7. Buy in tranches when building up volume. It's also a way to test your analysis.

"But in starting a movement it is unwise to take on your full line unless you are convinced that conditions are exactly right. Remember that stocks are never too high for you to begin buying or too low to begin selling. But after the initial transaction, don't make a second unless the first shows you a profit. Wait and watch."

"He should accumulate his line on the way up. Let him buy one-fifth of his full line. If that does not show him a profit he must not increase his holdings because he has obviously begun wrong; he is wrong temporarily and there is no profit in being wrong at any time."


8. Admit you're wrong and move on.


"The only thing to do when a man is wrong is to be right by ceasing to be wrong."

"A loss never bothers me after I take it. I forget it overnight. But being wrong -- not taking the loss -- that is what does the damage to the pocketbook and to the soul."

"A speculator must concern himself with making money out of the market and not with insisting that the tape must agree with him. Never argue with it or ask it for reasons or explanations. Stockmarket post-mortems don't pay dividends."


9. Speculate intelligently instead of trading blindly, ergo, gambling on tips


"The one game of all games that really requires study before making a play is the one he goes into without his usual highly intelligent preliminary and precautionary doubts. He will risk half his fortune in the stock market with less reflection than he devotes to the selection of a medium-priced automobile."

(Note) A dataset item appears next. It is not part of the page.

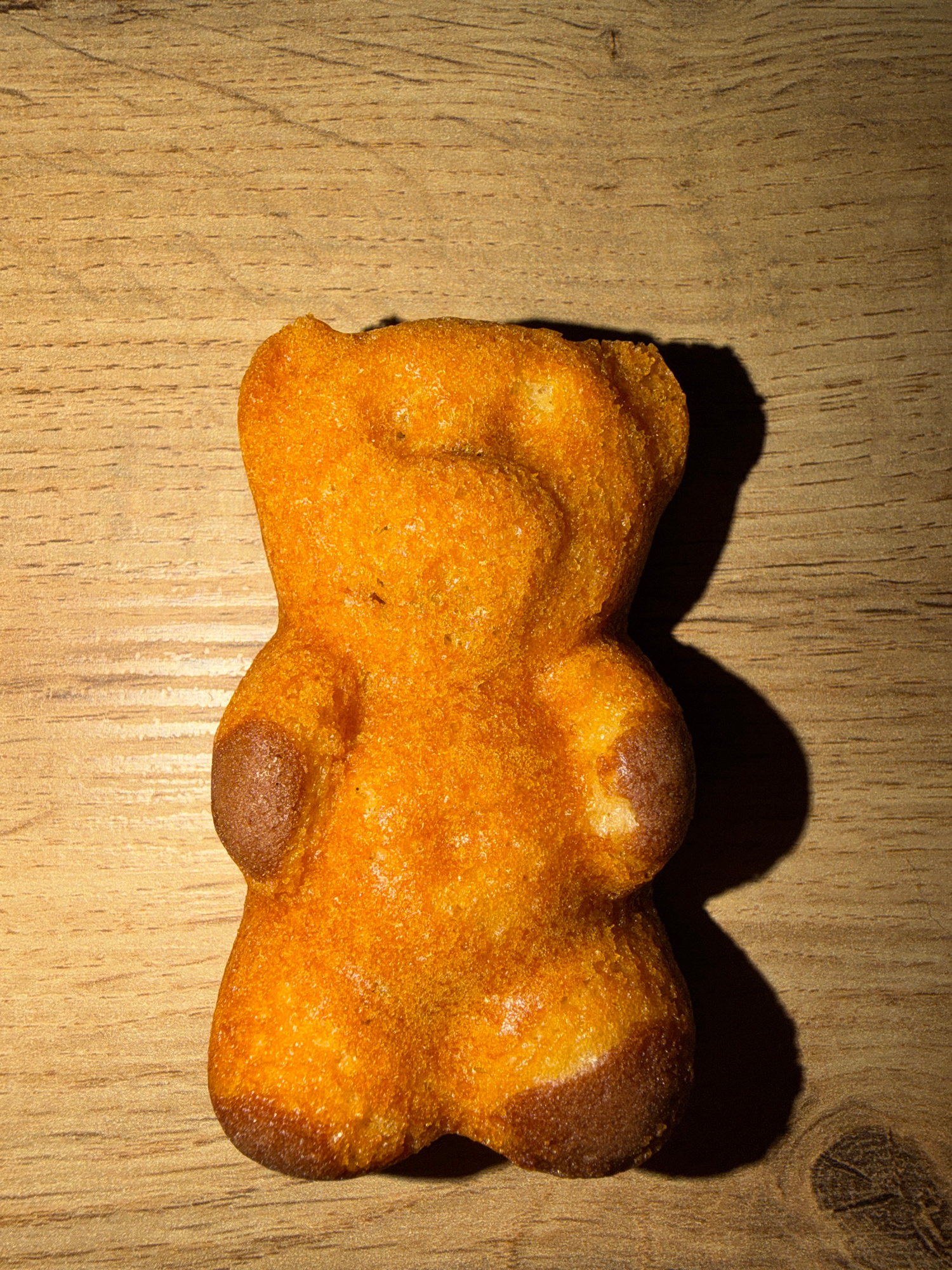 A close-up, still life photograph captures a single, golden-brown, irregularly-shaped object on a light-brown, wood-grain surface. The object appears to be a baked good or snack item, with a slightly…read more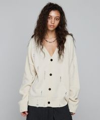 [런웨이] 데미지 후드 니트 가디건_오트밀

"Do you wish to gamble blindly in the hope of getting a great big profit or do you wish to speculate intelligently and get a smaller but much more probable profit?"


"How is the public protected against the danger of buying stocks above their real value? Who punishes the distributor of unjustified bullish news items? Nobody; and yet, the public loses more money buying stocks on anonymous inside advice when they are too high than it does selling out stocks below their value as a consequence of bearish advice during socalled "raids.""


10. No one can consistently and continuously beat the market. So if there's a guru or mentor selling you a foolproof system, he's just trying to fool you.
"I have said many times and cannot say it too often that the experience of years as a stock operator has convinced me that no man can consistently and continuously beat the stock market though he may make money in individual stocks on certain occasions. No matter how experienced a trader is the possibility of his making losing plays is always present because speculation cannot be made 100 percent safe."


These are just few of the many lessons you'll learn from the book, the rest, I'll leave it up to you to find out. :)


Trivia: In the book, Larry Livingston was used as pseudonym for Jesse Livermore.